Klonoff David C, Aaron Rachel E, Tian Tiffany, DuNova Ashley Y, Pandey Ambarish, Rhee Connie, Fleming G Alexander, Sacks David B, Pop-Busui Rodica, Kerr David
Diabetes Research Institute, Mills-Peninsula Medical Center, San Mateo, CA, USA.
Diabetes Technology Society, Burlingame, CA, USA.
J Diabetes Sci Technol. 2024 Mar 25:19322968241240436. doi: 10.1177/19322968241240436.
This article examines the importance of advanced glycation endproducts (AGEs) and summarizes the structure of AGEs, pathological changes associated with AGEs, the contribution of AGEs to metabolic memory, and the value of AGEs as a predictor of diabetic complications and cardiovascular disease in people with and without diabetes. As a practical focus, skin autofluorescence (SAF) is examined as an attractive approach for estimating AGE burden. The measurement of AGEs may be of significant value to specific individuals and groups, including Black and Hispanic/Latino Americans, as they appear to have higher concentrations of hemoglobin A (HbA) than would be predicted by other metrics of mean glycemia. We hypothesize that if the amount of glycation of HbA is greater than expected from measured glucose levels, and if AGEs are accumulating, then this accumulation of AGEs might account for the increased rate of complications of diabetes in populations with high rates of vascular disease and other complications. Thus, identifying and modifying the burden of AGEs based on measurement of AGEs by SAF may turn out to be a worthwhile metric to determine individuals who are at high risk for the complications of diabetes as well as others without diabetes at risk of vascular disease. We conclude that available evidence supports SAF as both a clinical measurement and as a means of evaluating interventions aimed at reducing the risks of vascular disease and diabetic complications.

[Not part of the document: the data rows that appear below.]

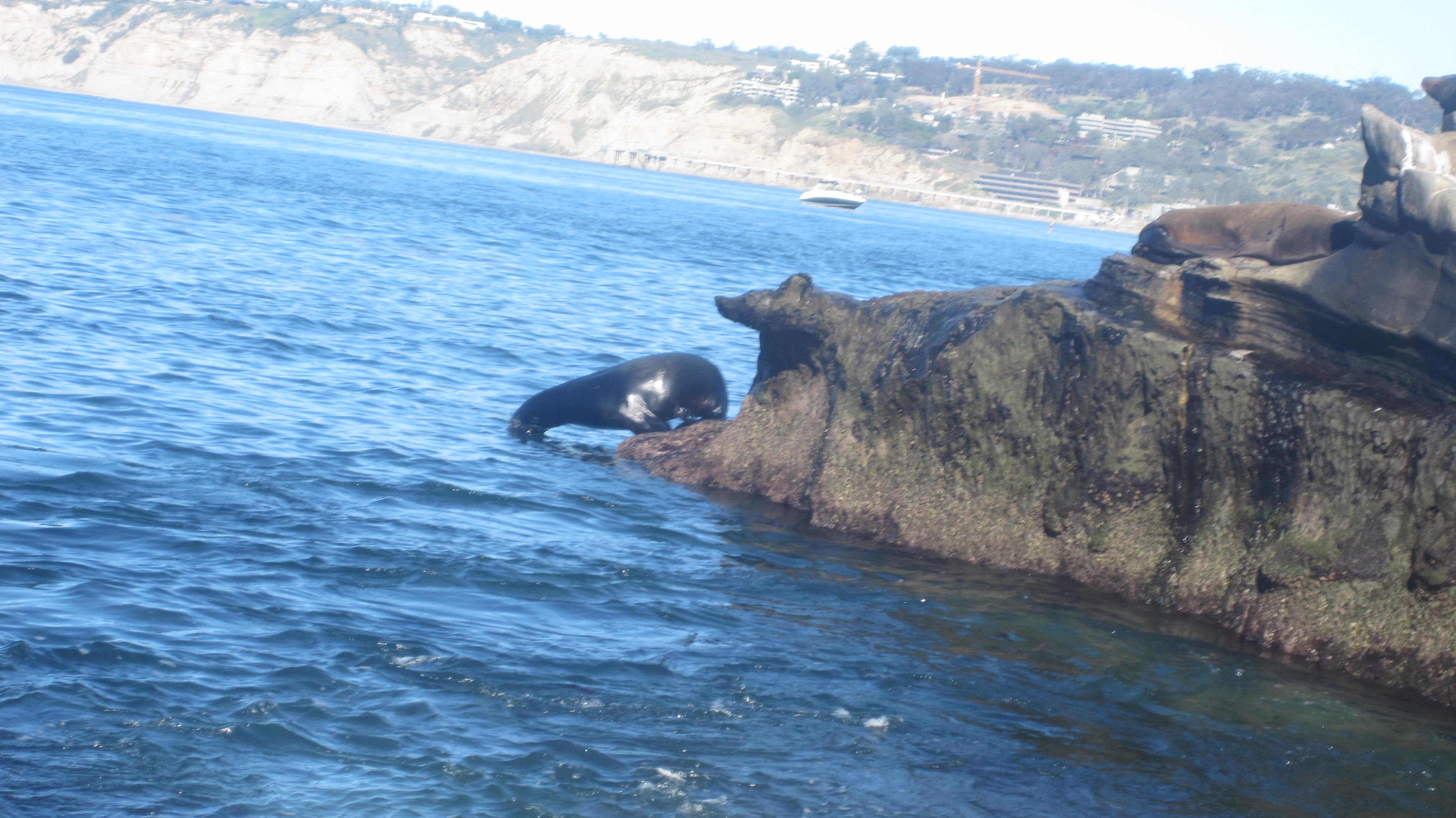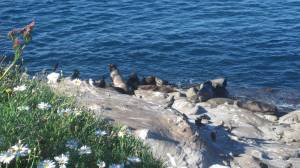 After a nice lunch we went out to the beach and grassy area to walk around. I wanted to go see the sea lions that were all perched on the rocks basking in the heat under the rays of sunlight.
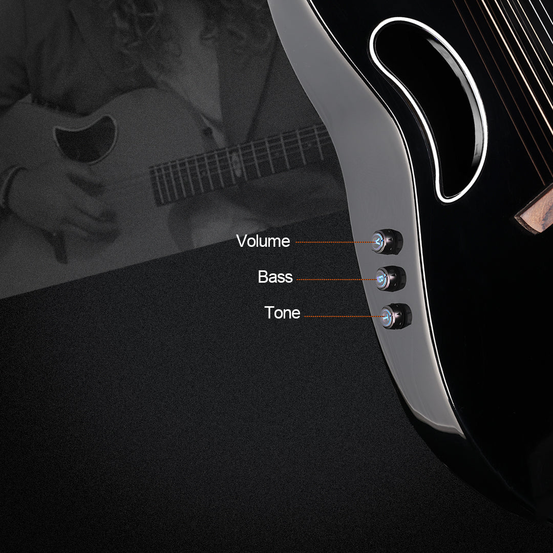 In conjunction with the unique and simple bracing design,the "LUNA" sound hole emerge in response.Like a crescent moon in the dark night,shining billiantly on the stage for you.
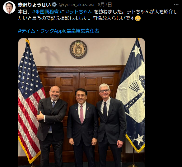 赤沢亮正、米国要人を「ラトちゃん!ベッちゃん!(笑)グリとグラ!トラ!!」 頭おかしくねえか? Twitter Facebook はてブ LINE コピー 2025.08.08 スポンサーリンク 1: 三毛(ジパング) [BR] 2025/08/08(金) 15:34:34.68 ID:Ds5estZu0● BE:897196411-PLT(21000) 訪米中の赤沢経済再生相、商務長官を「ラトちゃん」、財務長官を「ベッちゃん」とX投稿https://www.sankei.com/article/20250808-4XP5QB47MFFHFADQNP5DWIZRXE/https://x.com/ryosei_akazawa/status/1953152261154034162https://x.com/ryosei_akazawa/status/1953609433441087987 続きを読む

本文探讨了晚期糖基化终产物(AGEs)的重要性,并总结了AGEs的结构、与AGEs相关的病理变化、AGEs对代谢记忆的影响,以及AGEs作为糖尿病并发症和心血管疾病预测指标在糖尿病患者和非糖尿病患者中的价值。作为实际重点,皮肤自发荧光(SAF)被视为一种评估AGEs负担的有吸引力的方法。AGEs的测量对于特定个体和群体可能具有重要价值,包括黑人和西班牙裔/拉丁裔美国人,因为他们的血红蛋白A(HbA)浓度似乎高于其他平均血糖指标所预测的水平。我们假设,如果HbA的糖基化量高于根据测量的血糖水平预期的量,并且如果AGEs正在积累,那么这种AGEs的积累可能解释了血管疾病和其他并发症发生率较高的人群中糖尿病并发症发生率增加的原因。因此,基于SAF测量AGEs来识别和改变AGEs负担,可能成为确定糖尿病并发症高风险个体以及其他有血管疾病风险的非糖尿病个体的一个有价值的指标。我们得出结论,现有证据支持SAF作为一种临床测量方法,以及作为评估旨在降低血管疾病和糖尿病并发症风险的干预措施的手段。